Все было плохо. Здоровье самого Рэннальфа не улучшалось. У него началась сильнейшая лихорадка, рана на бедре гноилась.
Важными были новости, полученные Рэннальфом от Лестера. Дела во Франции шли плохо. Генрих в отместку за поражение при Нью-Марше опустошил долину между реками Иска и Андель, сжег замки Баскервиль, Читри и Стирпини. Чуть передохнув, он добавил к числу разрушенных замков Брюболь и Виль, а затем захватил Маунт Сорель, подчинив своего брата Джеффри, который вначале Примкнул к Юстасу и Людовику. Однако Генрих быстро простил Джеффри и взял его к себе на службу. Вместе они стали воевать против Людовика, который вел бои в Нормандии, и разгромили его, прежде чем он полностью уничтожил Бурж Регьюла.
Рэннальф страдал, как никогда прежде. Он думал, что достиг высшего предела мучений, когда Кэтрин поколебала его уверенность в необходимости войны. Сейчас он познал гораздо более сильную боль. Для него не имело значения, что произойдет, так как он оказывался в проигрыше в любом случае, взойдет на трон Генрих или останется Стефан. Новые поражения превратят Юстаса в ненасытного волка, и если Людовик заключит перемирие и Генрих придет в Англию, Юстас последует за ним. Рэннальф знал, что еще может последовать совету Лестера возвратиться на свои земли и тихо ждать своего неминуемого конца. Он не понимал, пока не потерял, как много значила для него привязанность и доверие Стефана.
Несмотря на слабости короля, он любил этого доброго и глупого человека. Доброго, глупого и такого мучительно одинокого сейчас, когда умерла Мод.
Рука Рэннальфа сжала свиток пергамента, который он держал все время, пока читал письмо Лестера.

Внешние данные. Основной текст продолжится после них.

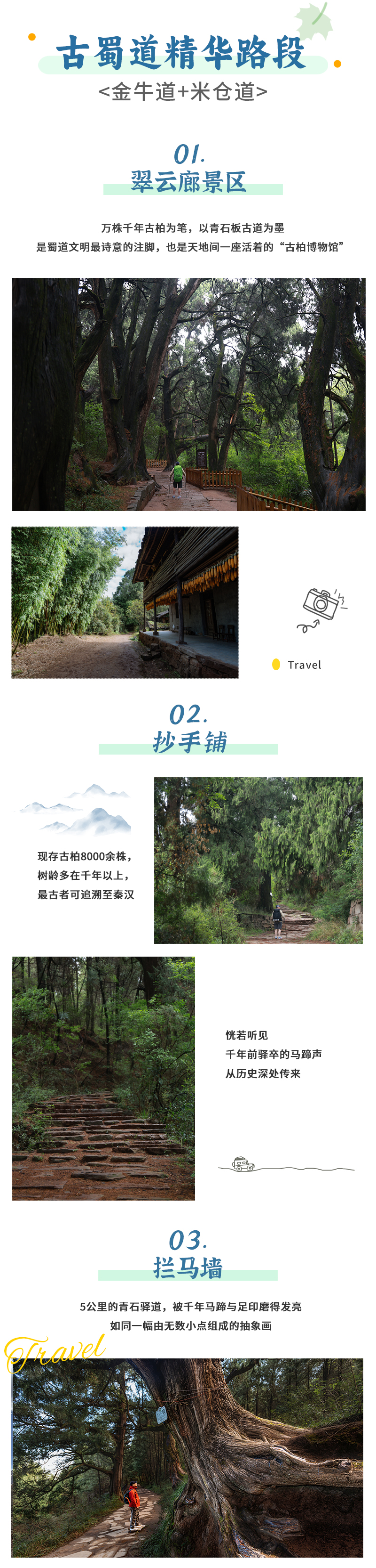 “中国三大古蜀道”精华路段(金牛道+米仓道)+秦蜀古道起点,合理安排徒步强度,新手也能毕业进阶线路。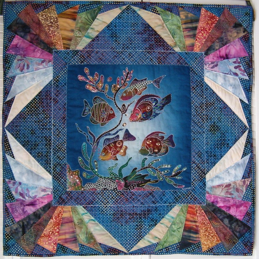 bcneeley Fishing for Compliments - Center panel was purchased at 2006 International Quilt Festival in Houston. Border Panel was also purchased there. Completed quilt is embellished with multiple shapes of beads.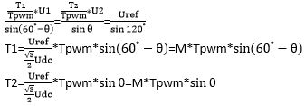 圖4為參考電壓在第一扇區(qū),有兩個非零矢量U1U2和零矢量合成,當參考電壓進入下一個扇區(qū),采用新的相鄰兩個矢量與零矢量進行合成;谑噶亢铣梢(guī)則,在符合T1+T2 《= Tpwm條件下,并要求任意角度下V1和V2都能合成出的矢量,所以Uref_max=√3/2 Udc。調(diào)制度M=Uref/(Uref_max)=Uref/(√3/2 Udc)。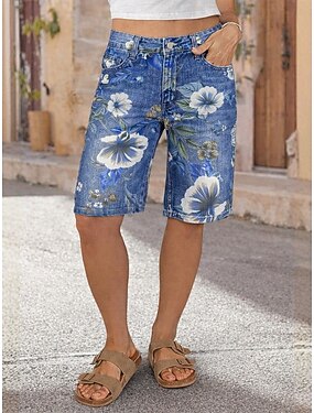 Naisten Bermudan shortsit Farkut Shortsit Kesähousut Loma Muoti Katutyyli Polven pituus Korka vyötärö Kukka Tasku Mukavuus Hengitettävyys Mukava Joustamaton Päivittäin Loma Katu Sininen Kesä Kevät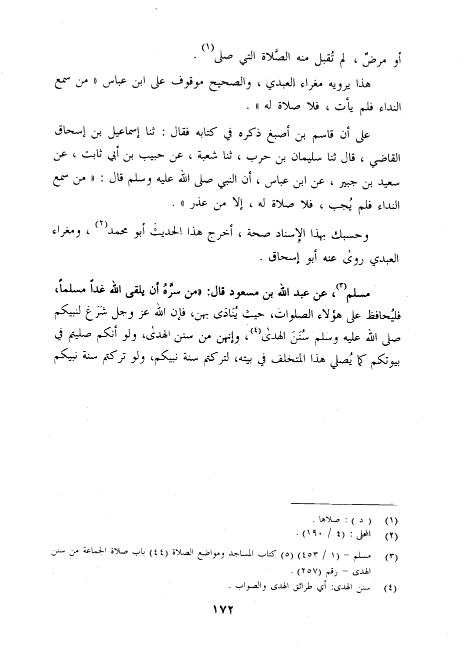 مسلم (¬3)، عن عبد الله بن مسعود قال: "من سرَّهُ أن يلقى الله غدًا مسلمًا، فليُحافظ على هؤلاء الصلوات، حيث يُنَادَى بهن، فإن الله -عَزَّ وَجَلَّ- شَرَعَ لنبيكم - صلى الله عليه وسلم - سُنَنَ الهدى (¬4)، وإنهن من سنن الهدى، ولو أنكم صليتم في بيوتكم كما يُصلي هذا المتخلف في بيته، لتركتم سنة نبيكم، ولو تركتم سنة نبيكم

Потом он принялся за свежее письмо от Кэтрин.
В нем содержались новости получше, но не было ничего, чтобы поднять его настроение. Она сообщала, что граф Норфолк ведет себя тихо на северной границе. Замки, граничащие с ним, подготовлены для войны. С Ричардом все в порядке.
Письмо было длинное. Оно состояло из вопросов о его здоровье, нежного недовольства из-за его длительного отсутствия и деликатных просьб о возвращении.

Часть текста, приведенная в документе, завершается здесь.